Newpaper article for impending John Cale show on 01/07/89, (with Lou Reed), Church of St. Ann and the Holy Trinity, Brooklyn Heights, New York, NY - "Songs for 'Drella".

New York Times

"Recalling A Pop Artist And a Friend"
By STEPHEN HOLDEN
Published: January 6, 1989

''Andy, it's me / Haven't seen you for a while / I wish I had talked to you more when you were alive,'' begins the elegiac lyric for ''Hello It's Me,'' one of 14 new songs written by John Cale and Lou Reed for their new musical suite, ''Songs for 'Drella.''

It is a work in progress that will receive its first public performances tomorrow and Sunday at the Church of St. Ann and the Holy Trinity, 157 Montague Street, at Clinton Street, in Brooklyn Heights. ''Songs for 'Drella'' is a tribute to Andy Warhol, who originally sponsored the Velvet Underground, the influential rock band that Mr. Cale and Mr. Reed founded in 1965. The song cycle has reunited two musicians who have not collaborated since 1968, when Mr.
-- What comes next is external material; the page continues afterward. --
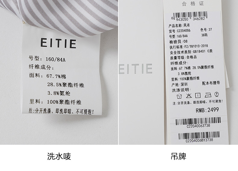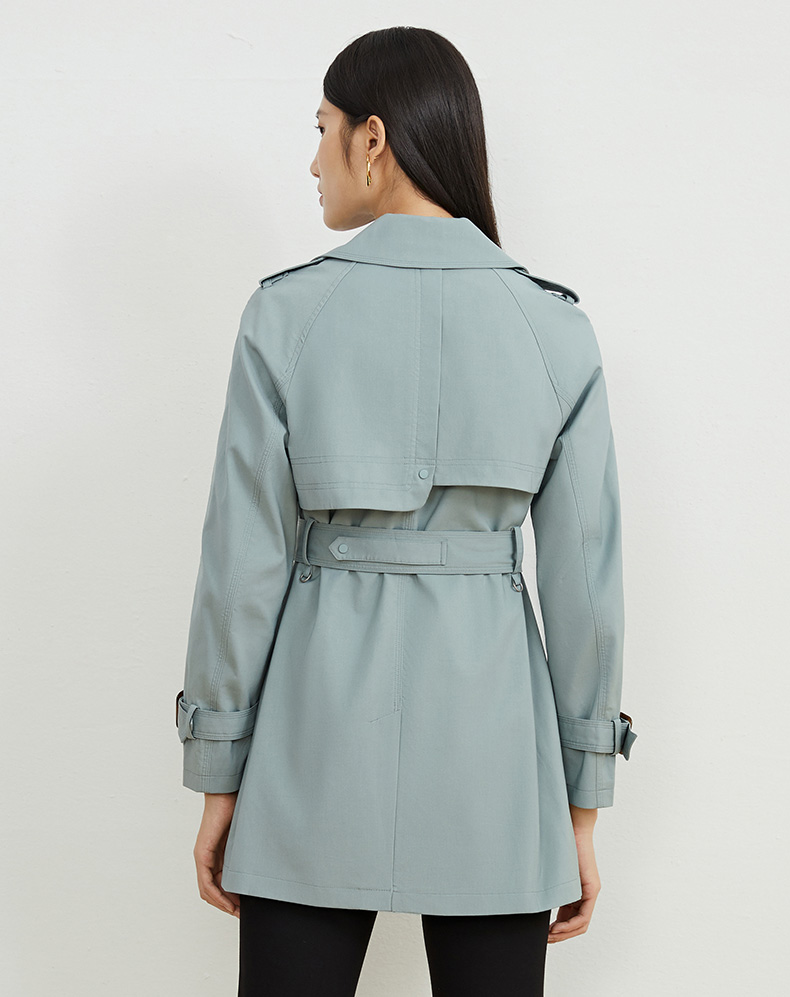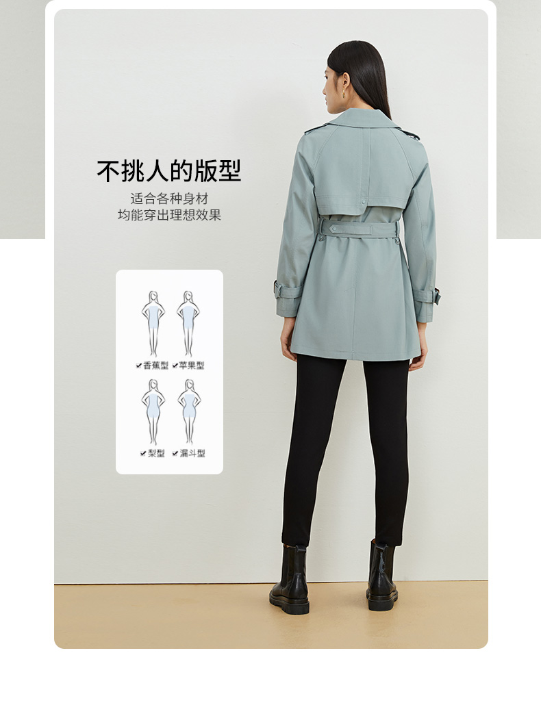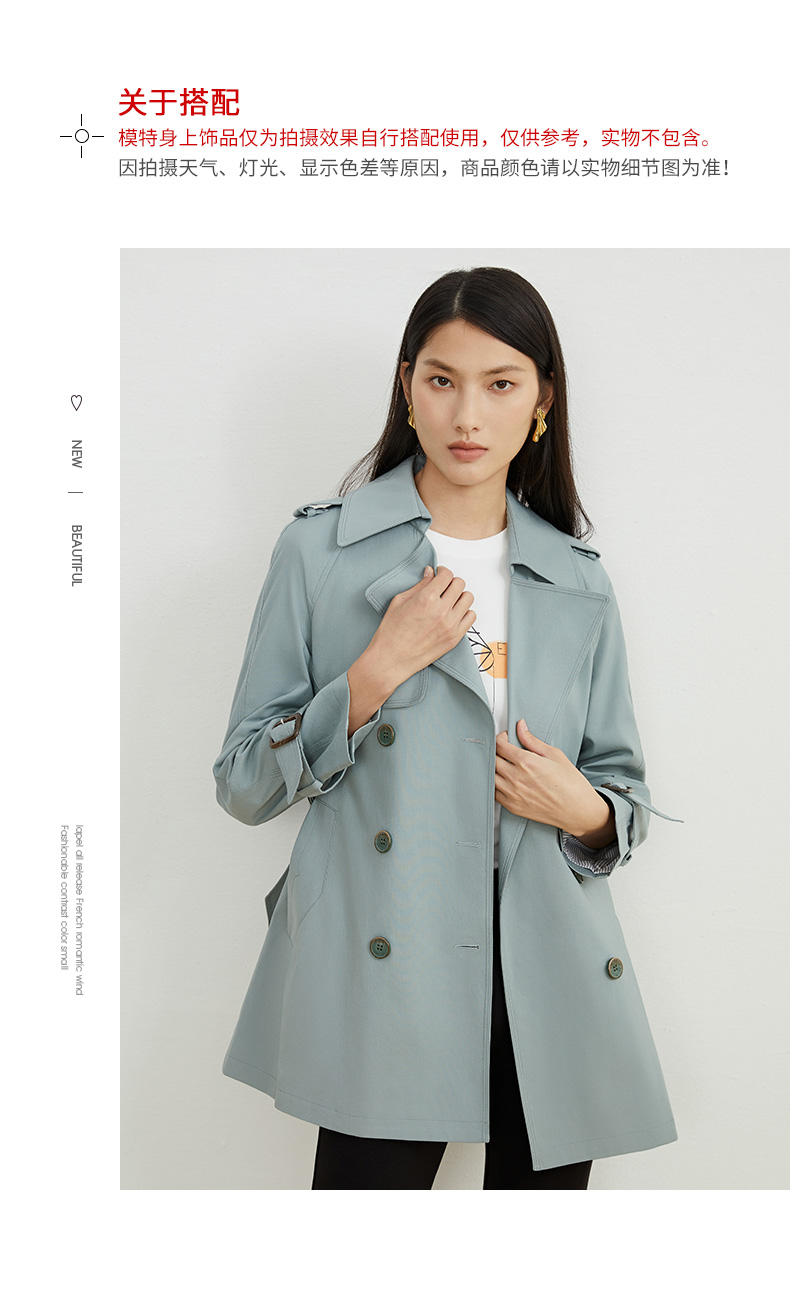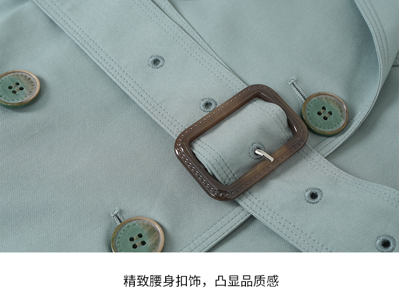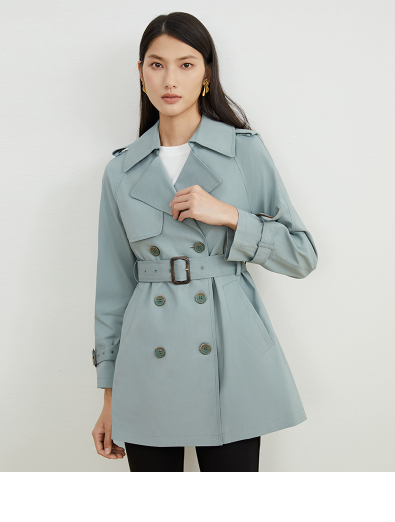 EITIE爱特爱秋季新款经典双排扣显瘦通勤蓝色a字收腰风衣外套C2204006

Cale quit the group.

From now until December, when it is scheduled to be the closing event of the Next Wave Festival at the Brooklyn Academy of Music, ''Songs for 'Drella,'' is certain to expand from an intimate two-man concert into a much larger music-theater piece. But what that will entail is undecided. This weekend, the 14 songs, which affectionately remember the life and times of the Pop artist, will be performed by Mr. Reed (voice, guitar) and Mr. Cale (voice, amplified viola, keyboards) without interruption and with no special effects. How It Started

The idea of writing some sort of requiem for Warhol was suggested to Mr. Cale by the artist Julian Schnabel at a party shortly after Warhol's death. Mr. Cale has begun an all-instrumental requiem and plans to complete it, but in the meantime his reunion with Mr. Reed has produced ''Songs for 'Drella,'' which was commissioned jointly by Arts at St. Ann's and the Brooklyn Academy.

''When we started playing together last May, it began as just the two of us having fun throwing around ideas,'' Mr. Cale recalled in a recent interview with his collaborator at a Manhattan rehearsal studio. ''Gradually it turned into songwriting. It was a great opportunity to pick up the threads of the Velvet Underground and draw our original ideas about arrangements and subject matter to a conclusion. Obviously, we're bringing a lot of baggage to the project, but we are doing it with a lot of love. Andy was an incredibly generous spirit.''

''Songs for 'Drella'' takes its title from the affectionate nickname, a shortened form of Cinderella, that Warhol's fellow artists used for him in the early 60's.

For Mr. Cale and Mr. Reed, resuming a collaboration that ended 20 years ago has involved eight-hour workdays in a studio discussing concepts, sharing remembrances and exchanging musical ideas.

''We tape everything we do,'' Mr. Reed said. ''Musically, we begin with simple chord progressions to which John adds his Welsh riffs. The lyrics are a reflection of everything we talk about. Each of us has a notebook filled with ideas. I'm the official typist.'' The Goals of the Music

Scanning the lyrics to ''Hello It's Me'' and ''I Believe,'' the latter a recollection of the shooting of Warhol by Valerie Solanas in 1968, their tone evokes the tough-tender realism of Velvet Underground lyrics but with more emotional depth. At once angry and wistful, ''I Believe'' considers the idea of retribution from Warhol's point of view. ''Hello It's Me'' reflects on the artist's shyness. Though friends like Truman Capote and such Warhol ''superstars'' as Edie Sedgwick are mentioned, they remain peripheral.

Mr. Reed and Mr. Cale met Warhol in 1966 when they were hired to perform at showings of his movies in the Cinematheque in the East Village. The performances turned into some of the earliest mixed-media events when people started dancing, and the show was augmented with lights. The band became the musical component of Warhol's short-lived touring extravaganza, the Exploding Plastic Inevitable. While the Velvet Underground never sold many albums, the group was among the most influential of the 60's rock bands and spawned scores of descendants.